The Strategist

Seven bizarre economic indicators


03/02/2018 - 11:14



Can the number of pregnant women, the length of skirts, men's underwear and the height of skyscrapers predict a recession?



bulbfish  via pexels
bulbfish via pexels
Number of pregnancies

The decrease in the number of pregnancies is a sure sign of the approaching recession in the economy, the National Bureau of Economic Research of the USA (NBER) has revealed. The number of conceptions began to decline at least six months before the beginning of the last three recessions in the US - in the early 1990s, early 2000s, and the late 2000s. "One explanation may be that people’s decision to have a child often reflects their confidence in the future," says one of the authors of the study. The drop in the number of pregnancies is a leading indicator and it can be used to predict recessions, NBER notes.

Length of skirts

One of the oldest non-traditional market indicators is the length of women's skirts. They become shorter during the growth of the stock market and the economy.  On the other hand, it is believed that skirts are usually longer during the recession. This index was suggested by the economist George Taylor, a professor at Wharton Business School: he noticed that short skirts became popular in the roaring twenties, and during the Great Depression women again switched to long ones. Taylor suggested that women sought to demonstrate expensive silk stockings in good economic times, and to cover their bare legs in the difficult times. But the length index of skirts badly correlated with the state of the economy and later, until the XXI century.

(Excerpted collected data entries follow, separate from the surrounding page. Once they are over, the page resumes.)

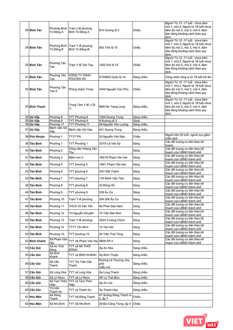 Dưới đây là danh sách các điểm tiêm chủng COVID-19 cố định tại TP.HCM.
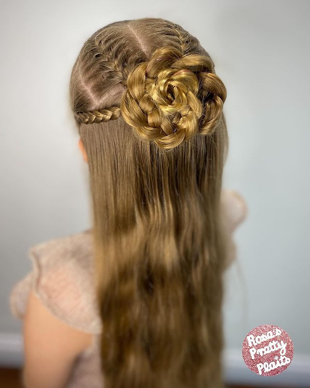 A flower bun with a French braid is a whimsical and elegant hairstyle that consists of two French braids that form a beautiful flower-shaped bun. This style adds playfulness and sophistication, perfect for special occasions or adding a unique touch to your everyday look. The combination of braids and an intricate bun creates a stunning visual effect, making the hairstyle stand out.
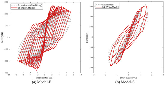 Figure 5 shows the displacement–force relationships of the column models subjected to the same static cyclic loading conditions as in previous experiments [22,23]. The initial stiffness, maximum strength, and strength reduction ratio of the simulated responses were compared to the experimental results as given in Table 4. For Model-F, the strength is slightly decreased after reaching the maximum strength, similar to the test result for the flexure-governed column. However, Model-S shows significant strength reduction after the shear failure. This column behavior represents the shear-governed column. As given in Table 4, the simulation variation in the initial stiffness, maximum strength, and strength reduction ratio between experimental and simulated responses was less than 12% for Model-F and approximately 20% for Model-S. However, because both models exhibited the simulation variation of approximately 10% for the initial stiffness and maximum strength, the simulated responses have good agreements with the experimental results. This variation is attributed to the modeling assumptions. To reduce the computational time of the FE models, the foundation elements (footing) were simply modeled using elastic materials with the effective stiffness. This is because the critical damage on the foundation elements was not found in the previous experimental studies. Additionally, the bond-slip effects between reinforcing bars and surrounding concrete were controlled using the frictional forces.

A  study of economists Erasmus School of Economics, held in 2010, showed that the correlation between the length of skirts and the stock market exists, but fashion trends may lag behind the market for three years.

The lipstick Index

In 2001, Estée Lauder Chairman Leonard Lauder proposed a lipstick index: he argued that there is an inverse correlation between sales of the product and the state of the economy. In the autumn of 2001, during the recession and after the September 11 attacks, lipstick sales grew 11% in the US. It is known that sales of cosmetics were quickly climbing up even during the Great Depression. One of the explanations is that lipstick can be a less expensive alternative to expensive purchases, as women try to save money in an uncertain financial situation. However, studies have shown that there is no clear correlation between lipstick sales and the economic situation - they can grow during the economic boom, too.

Men's underwear

The use of consumer goods as indicators of the state of the economy is associated with an assessment of the psychology of buyers and the level of consumer confidence. The former chairman of the US Federal Reserve, Alan Greenspan, noted that the sign of the beginning of the recession could be a decrease in demand for men's underwear, the purchase of which is postponed due to the onset of a difficult economic situation.

Height of heels 

Another fashion trend, which may be related to the economic situation, is the height of the heels of women's shoes. "Usually, during a recession, the height of the heels grows and keeps at this level. Consumers turn to a more catchy fashion as a means to fantasize and escape from reality," said IBM consumer product expert Trevor Davis in 2011, who analyzed posts in social networks and blogs. The trend is traced throughout the century: low-heeled shoes and flats were replaced by shoes with higher heels and platforms during the Great Depression and the oil crisis of the 1970s.

Index of skyscrapers

The Barclays skyline index regards a boom in the construction of towers as a sign of the impending recession in the economy. And the more skyscrapers are built, the longer the recession will be. Before the Great Depression, three mega-buildings were built in the US: the Empire State Building, the Chrysler Building and the 70-story skyscraper at Wall Street, 40. Construction of Burj Khalifa, the highest skyscraper in the world located in Dubai, also started before the global crisis, and in 2009 a boom in the credit sector and the real estate market ended with the default of investment company Dubai World. The authorities of the UAE saved it, and the tower was opened in 2010. "If it were not for economic bubbles, we would miss many of the architectural creations," says David Fuller, co-publisher of the investment newsletter Fuller Treacy Monet

The Big Mac Index

One of the most famous "non-economic" indicators is the Big Mac Index, calculated by The Economist magazine. It illustrates the theory of purchasing power parity (PPP) and may indicate their undervaluation or overvaluation. However, many other factors influence the exchange rates. PPP is used in other ratings, for example, Deutsche Bank has calculated the cost of dating in different cities of the world.